Expected GC content of 0.5 was a consequence of our equal-probability assumption. Real organisms span a wide range — the Plasmodium falciparum genome is about 80% AT, while some Streptomyces exceed 70% GC. Our prob argument lets us model that. Weight G and C four times as heavily as A and T and the whole distribution slides toward high GC:

gc_rich <- replicate(
  1000,
  gc_content(random_sequence(n = 100, prob = c(1, 4, 4, 1)))  # A, C, G, T
)

ggplot(data.frame(gc = gc_rich), aes(x = gc)) +
  geom_histogram(binwidth = 0.02, fill = "darkorange", color = "white") +
  labs(x = "GC content", y = "Number of sequences")

Figure 5.4: GC content of 1000 simulated GC-rich sequences (G and C weighted 4x relative to A and T). The distribution now centers near 0.8 rather than 0.5 — the expected value tracks the probabilities you put into the model.
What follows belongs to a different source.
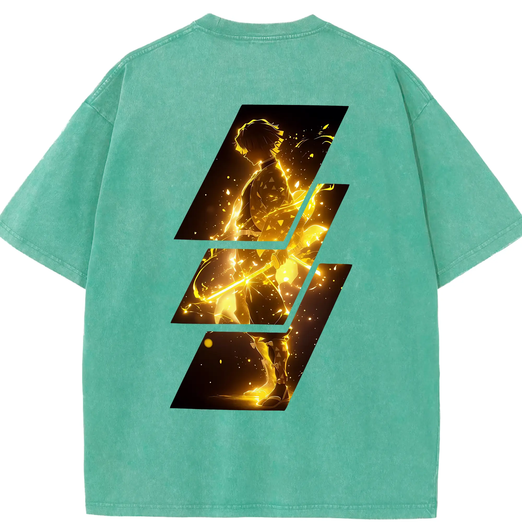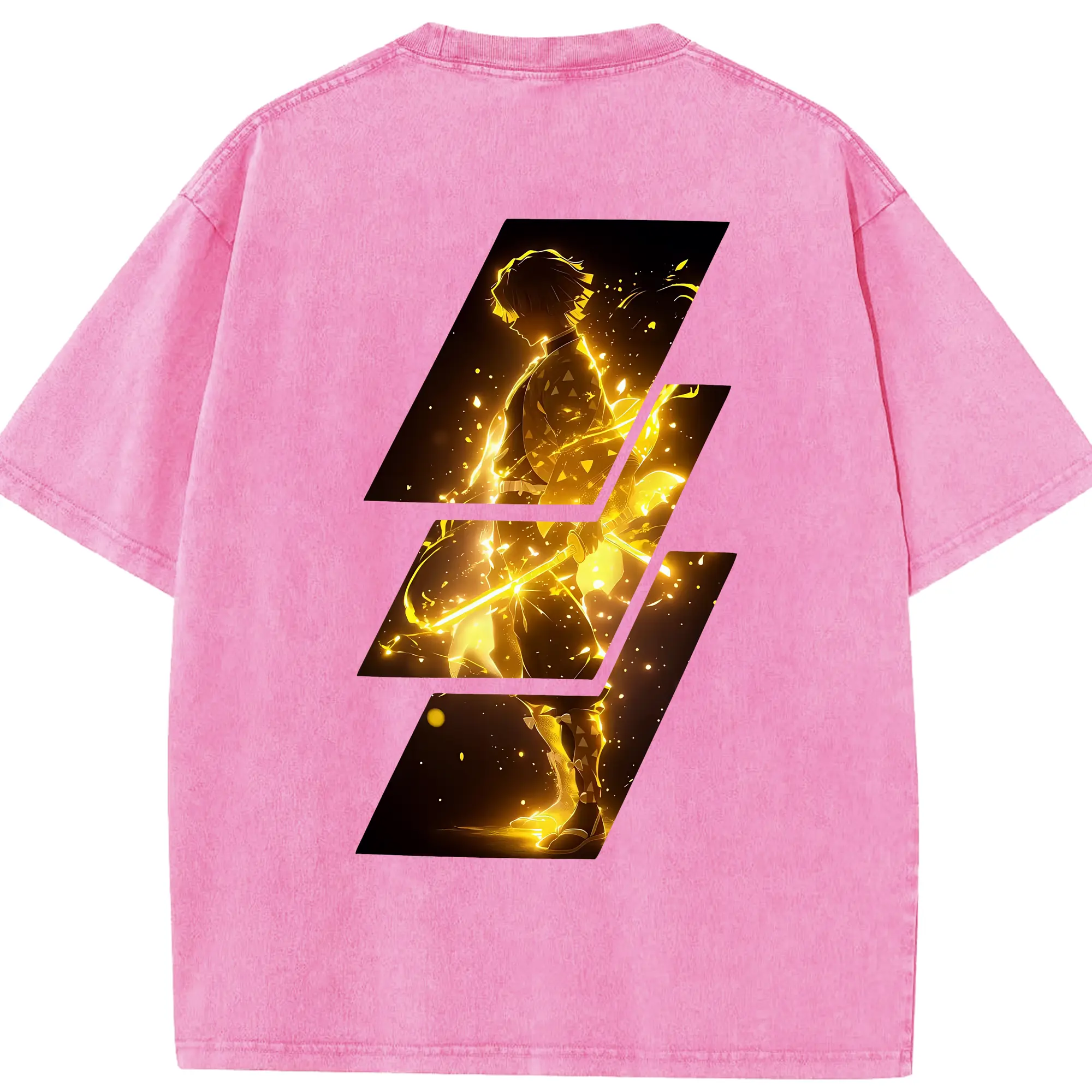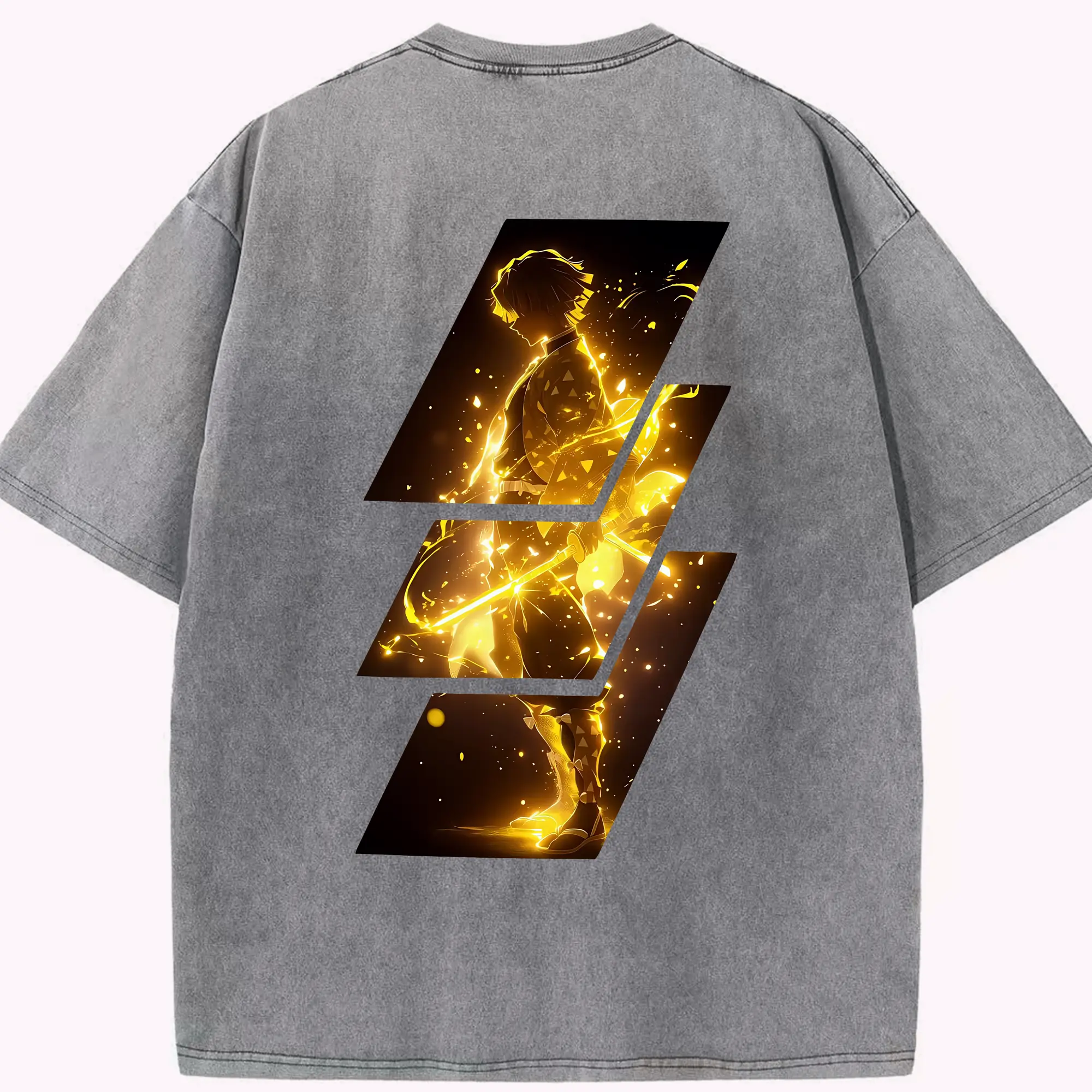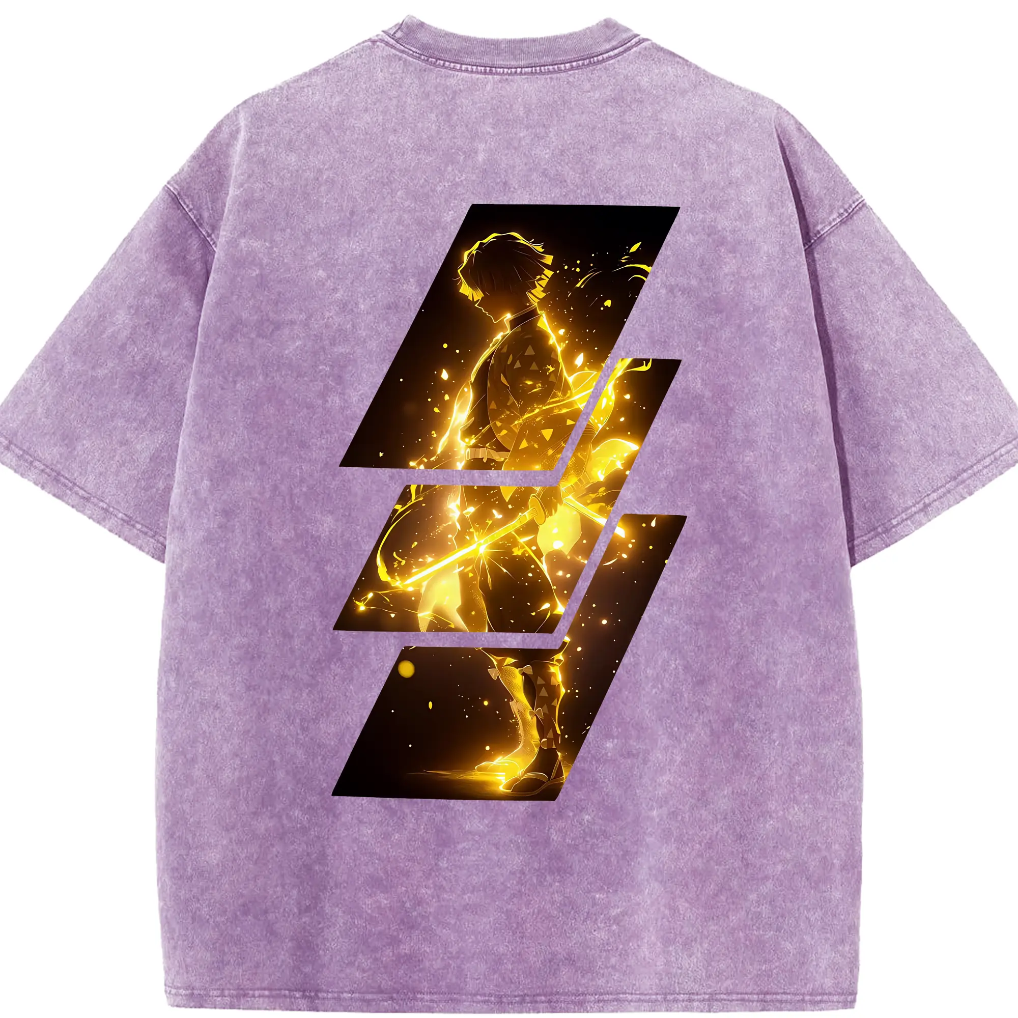 鬼滅の刃 グッズ,我妻 善逸 - 綿100% 半袖Tシャツ ・ バックプリント ・ 快適 通気性 ・ 日常使い 散歩 スポーツ用

The peak moves to roughly 0.8, exactly where the weights predict (the combined probability of G or C is 8/10). The expected value of a statistic is set by the model’s assumptions — change the assumptions and the statistic follows.

5.8 Exercises

Write a one-line expression (no new function) that computes the mean GC content over 500 sequences of length 200.
NoteSolution
mean(replicate(500, gc_content(random_sequence(200))))

[1] 0.49864
replicate() gathers 500 statistics into a vector and mean() reduces that vector to one number — a statistic computed from other statistics.
Without running it, predict whether the histogram for length-2000 sequences would be wider or narrower than the length-1000 one in Figure 5.3. Why?

NoteSolution

Narrower. The law of large numbers says more data per sequence means less spread in the average, so doubling the length tightens the distribution further around 0.5.
Use prob to build a strongly AT-rich generator (like Plasmodium), simulate 1000 sequences of length 100, and report the approximate center of their GC-content distribution.
NoteSolution
at_rich <- replicate( 1000, gc_content(random_sequence(n = 100, prob = c(4, 1, 1, 4))) # A, C, G, T ) mean(at_rich)

[1] 0.19793
Weighting A and T four times as heavily puts the combined G/C probability at 2/10, so GC content centers near 0.2.
library() errors with “there is no package called ‘ggplot2’” on a fresh machine. What step was skipped, and what’s the one-line fix?

NoteSolution

The package was never installed on that machine. Run install.packages("ggplot2") (or BiocManager::install("ggplot2")) once, then library(ggplot2) will work in every session afterward.

5.9 Summary

You now have the simulation-and-visualization loop that underlies a huge amount of practical statistics:

Packages extend R. Install them once (install.packages() / BiocManager::install()) and load them every session (library()).
A statistic is a single number summarizing data; GC content is ours, and a few lines of R turn it into a reusable function.
replicate() runs a random experiment many times, and a histogram shows how the resulting statistic is distributed.
The law of large numbers says a statistic computed from more data clusters more tightly around its expected value — visible as the shrinking spread in Figure 5.3 — and that expected value is determined by the assumptions baked into your model.

These same two tools — repeat it many times, then look at the distribution — return in the statistics and machine-learning chapters, where the “experiment” is a real analysis rather than a string of random bases.